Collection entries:
┄┄┄┄┄┄

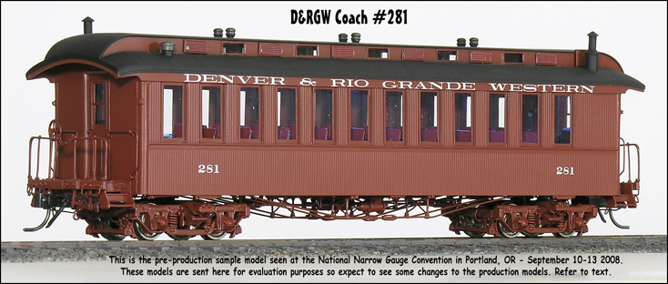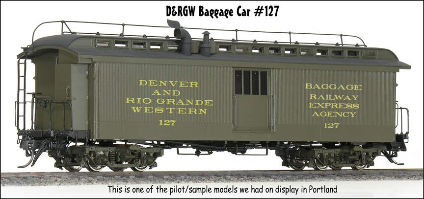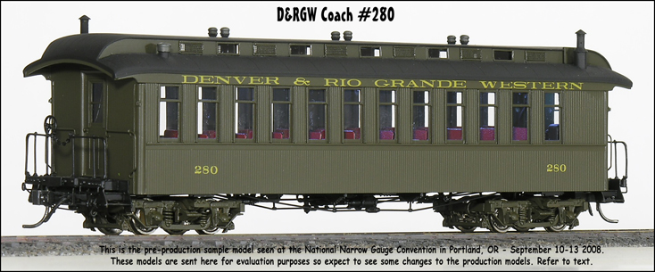 The painted models seen on this page are all PILOT / SAMPLE MODELS representative of the models in the production run. Some of these sample models had corrections yet to be applied. Many of these corrections are chronicled in the "Slide Shows" of the individual sample cars. Car Interiors have all the seating seen in the prototype, and we even modeled the great looking "filigree" appearance of their cast iron sides! We've outfitted each car with proper Coal Stoves and Bathroom Partitions completed with Fixtures too! And of course, the Coaches and Combines have non-flickering interior lighting, accomplished by utilizing a type of battery / track power charging circuit ! Once charged, these lights will stay lit for some time even after power is removed ! In addition, the "tail end cars" have illuminated marker lamps, also operated by this battery backed charging circuit so bulb flicker is a thing of the past ! Genuine Kadee Couplers have been factory installed also, along with our great, non-fouling "Real Rubber" Air Hoses ! And off course, topping this off you'll see superb factory painting in the proper colors, with carefully researched lettering and numbers applied. ( No, this isn't over-the-counter stuff. Each letter and number was created right here so it "looks right" ! And yes, unless otherwise noted, all roofs are painted FLAT BLACK. )
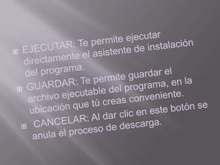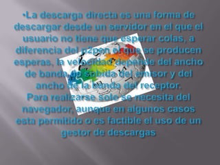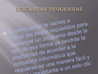 El documento describe cómo la Internet proporciona información sobre diversos temas y aplicaciones informáticas para realizar diferentes acciones. Explica dos métodos para descargar archivos desde Internet: servicios de descarga directa de páginas web o a través de empresas que ofrecen almacenamiento en la nube pero que requieren esperas, contraseñas o pagos. También detalla los pasos para descargar e instalar aplicaciones desde una página web de programas.
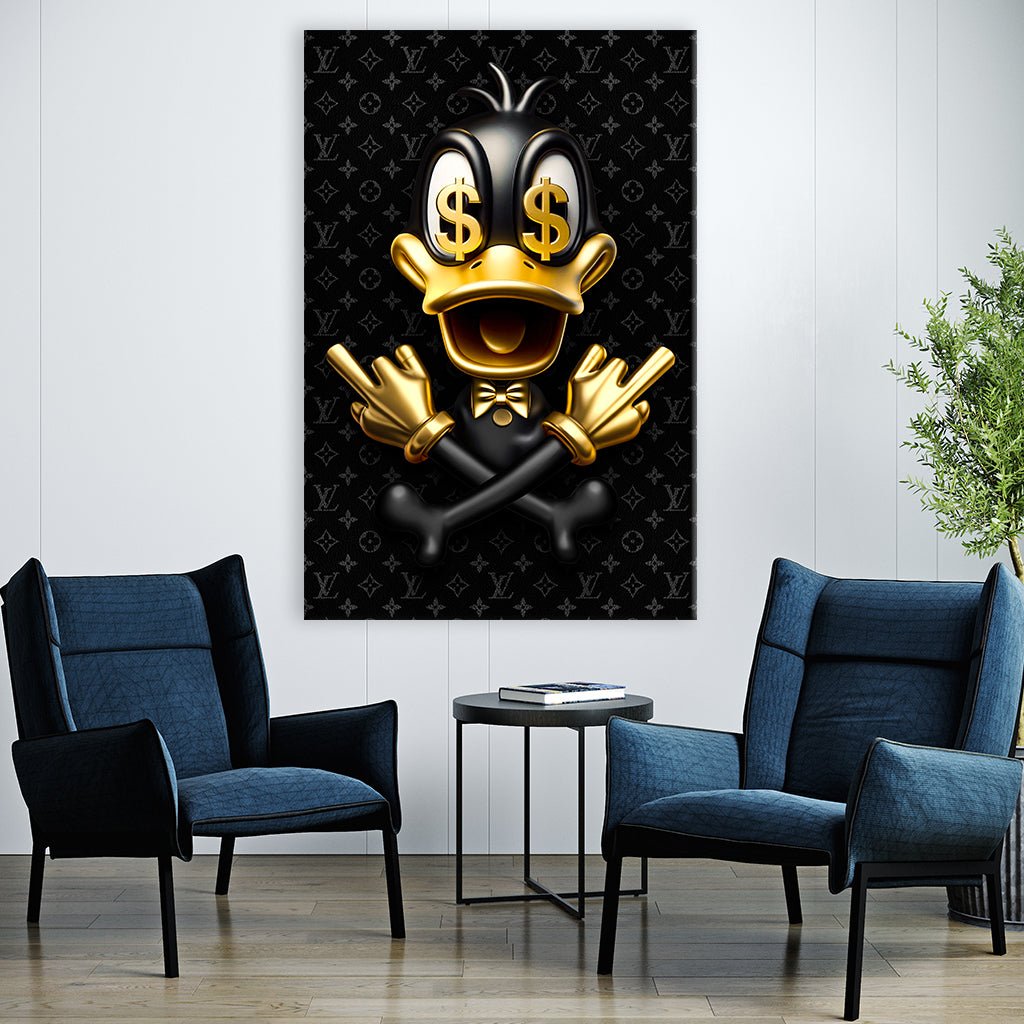 Das Bild zeigt eine stilisierte, humorvolle Darstellung einer ikonischen Ente in Schwarz und Gold. Die Figur trägt goldene Handschuhe und eine goldene Fliege, und ihre Augen sind durch goldene Dollarzeichen ersetzt. Die Hände der Figur zeigen eine provokante Geste mit erhobenen Mittelfingern. Der Hintergrund ist schwarz mit wiederkehrenden Logos der Marke Louis Vuitton. Insgesamt vermittelt das Bild eine satirische und luxusorientierte Ästhetik.
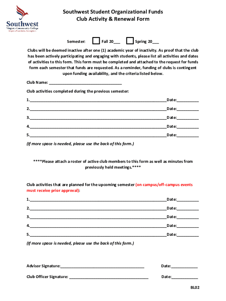 Southwest Student Organizational Funds Club Activity & Renewal FormSemester:Fall 20___Spring 20___Clubs will be deemed inactive after one (1) academic year of inactivity. As proof that the club has
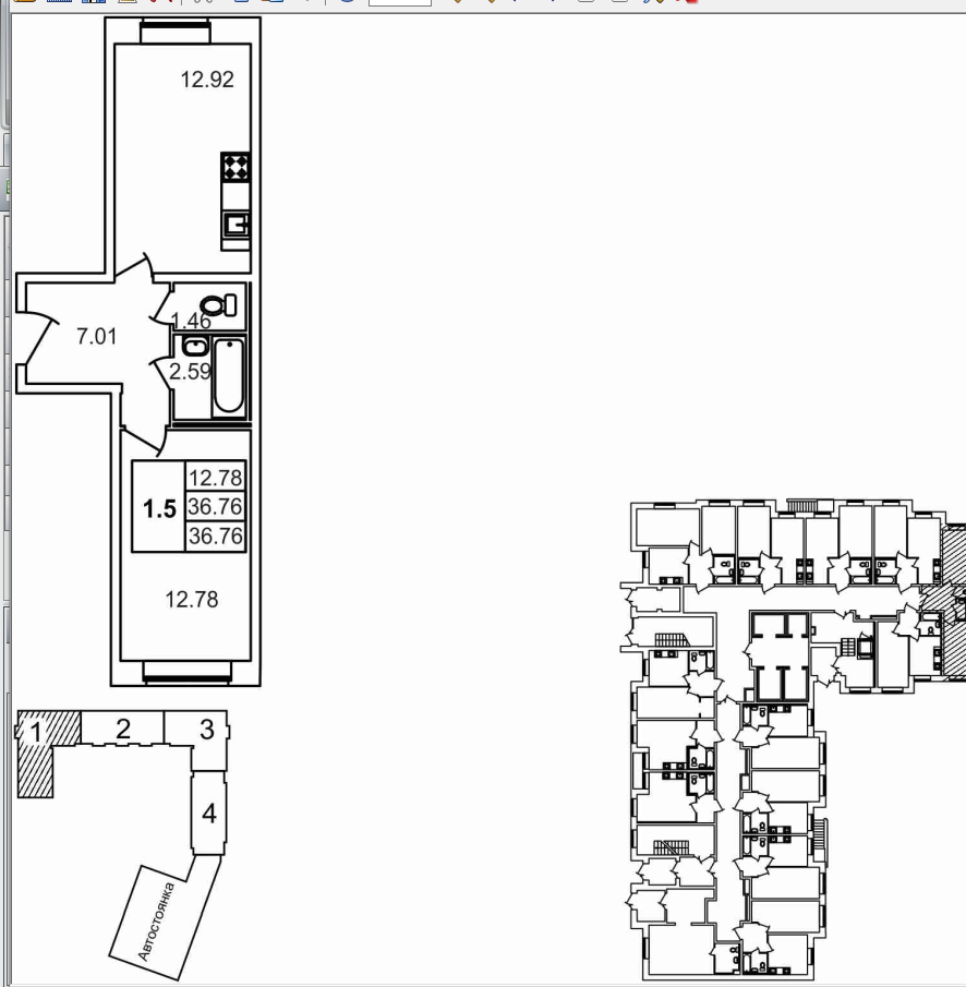 Общая площадь 36.76 м2

┄┄┄┄┄┄

* Prompt: A picture-free version of all the records, repeated exactly, is what to return.

* Output of the task:
 The painted models seen on this page are all PILOT / SAMPLE MODELS representative of the models in the production run. Some of these sample models had corrections yet to be applied. Many of these corrections are chronicled in the "Slide Shows" of the individual sample cars. Car Interiors have all the seating seen in the prototype, and we even modeled the great looking "filigree" appearance of their cast iron sides! We've outfitted each car with proper Coal Stoves and Bathroom Partitions completed with Fixtures too! And of course, the Coaches and Combines have non-flickering interior lighting, accomplished by utilizing a type of battery / track power charging circuit ! Once charged, these lights will stay lit for some time even after power is removed ! In addition, the "tail end cars" have illuminated marker lamps, also operated by this battery backed charging circuit so bulb flicker is a thing of the past ! Genuine Kadee Couplers have been factory installed also, along with our great, non-fouling "Real Rubber" Air Hoses ! And off course, topping this off you'll see superb factory painting in the proper colors, with carefully researched lettering and numbers applied. ( No, this isn't over-the-counter stuff. Each letter and number was created right here so it "looks right" ! And yes, unless otherwise noted, all roofs are painted FLAT BLACK. )
 El documento describe cómo la Internet proporciona información sobre diversos temas y aplicaciones informáticas para realizar diferentes acciones. Explica dos métodos para descargar archivos desde Internet: servicios de descarga directa de páginas web o a través de empresas que ofrecen almacenamiento en la nube pero que requieren esperas, contraseñas o pagos. También detalla los pasos para descargar e instalar aplicaciones desde una página web de programas.
 Das Bild zeigt eine stilisierte, humorvolle Darstellung einer ikonischen Ente in Schwarz und Gold. Die Figur trägt goldene Handschuhe und eine goldene Fliege, und ihre Augen sind durch goldene Dollarzeichen ersetzt. Die Hände der Figur zeigen eine provokante Geste mit erhobenen Mittelfingern. Der Hintergrund ist schwarz mit wiederkehrenden Logos der Marke Louis Vuitton. Insgesamt vermittelt das Bild eine satirische und luxusorientierte Ästhetik.
 Southwest Student Organizational Funds Club Activity & Renewal FormSemester:Fall 20___Spring 20___Clubs will be deemed inactive after one (1) academic year of inactivity. As proof that the club has
 Общая площадь 36.76 м2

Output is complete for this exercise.